И наконец пошла настоящая работа. Не звучали обвинения, замаскированные угрозы и ложь, никто не выяснял отношения. Офицеры почуяли угрозу своей власти и действовали четко, быстро, слаженно — так, как действовали во время переворота. От внимания генерала не укрылся факт, что практически все присутствующие неплохо ориентировались в происходящем на «Локи». У кого-то там были знакомые, коллеги, деловые партнеры или хотя бы платные информаторы. И, конечно, они во время рабочей вахты находили возможность попользоваться дальней связью, или устройствами ЗАС, или сетью военных маяков — этак запросто, по-дружески. Абсолютно закрытыми, защищенными системами связи. Из чего следовало, что бардак на «Локи» — родной, российский, и никакие бунтовщики изменить его не в силах.
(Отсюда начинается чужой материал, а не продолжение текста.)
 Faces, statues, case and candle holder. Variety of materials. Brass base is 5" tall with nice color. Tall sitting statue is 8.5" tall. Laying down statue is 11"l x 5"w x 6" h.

Что еще отметил генерал — все сведения с «Локи» оказались немного устаревшими. Как будто кто-то перед операцией выключил всю связь. Или перестрелял связистов. А вот это уже — признак железной, непререкаемой дисциплины!
Забавно, но офицеры данный факт не заметили. И генерал понял, почему.
Им не требовалось.
Офицеры интересовались только властью.
И разбирались только в ней.
— Если не уйдут с Клондайка, Штерн их порвет! — уверенно сказал начальник генштаба. — Я его знаю. Значит, они уйдут немедленно. Куда? Кто у нас по разведке?
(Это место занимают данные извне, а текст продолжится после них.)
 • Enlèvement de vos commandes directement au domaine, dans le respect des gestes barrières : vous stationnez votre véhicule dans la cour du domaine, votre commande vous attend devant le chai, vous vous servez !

— Они из «черной бороды» вывалились, — тут же сообщил разведчик. — Туда и вернутся. Больше им некуда. Сейчас Седьмой флот от америкосов развернется, и в европейском секторе им не жить, загоняют насмерть. И у нас их тоже сразу, без суда… Так что только в «черную бороду».
— Ну и пусть сидят, пока не подохнут, там же ничего нет… — сказал кто-то неуверенно, но на него накинулись все, и продолжения не последовало.
Генерал насмешливо посмотрел со стороны, как оперативно сколачивается боеспособное соединение, мгновенно решаются вопросы комплектования и снабжения — и подтянул к себе доклад аналитиков. Пора показывать, кто в доме хозяин, а то начальник финансового управления как-то подозрительно быстро взял руководящую функцию в свои пухлые пальцы.
— Спланировали? — осведомился он. — Замечательно. Теперь послушайте, в чем проблема. Аналитический отдел провел исследование, и вот что выяснилось: личный состав флота находится в неустойчиво-пассивном состоянии. Как они объяснили, это означает, что любое подразделение в любой момент может перейти на сторону бунтовщиков. Без видимого проявления недовольства. Просто раз — и перейдут.
— Ерунда какая-то! — не сдержался командующий соединениями спецназ. — Вечно эти аналитики гонят пургу.
Его поддержали одобрительным гулом. Что такое пурга и как ее гнать, никто не знал, но выражение пользовалось популярностью в штабных кругах, и что оно означает на самом деле, все прекрасно представляли.
— Я же спросил, где твои рейдовики, — напомнил генерал. — А они — там. По данным информаторов, вместе с бунтовщиками брали Клондайк. Это рейдовики, с их элитным обеспечением, расширенным пансионом, огромной зарплатой. А что тогда ждать от линейных частей?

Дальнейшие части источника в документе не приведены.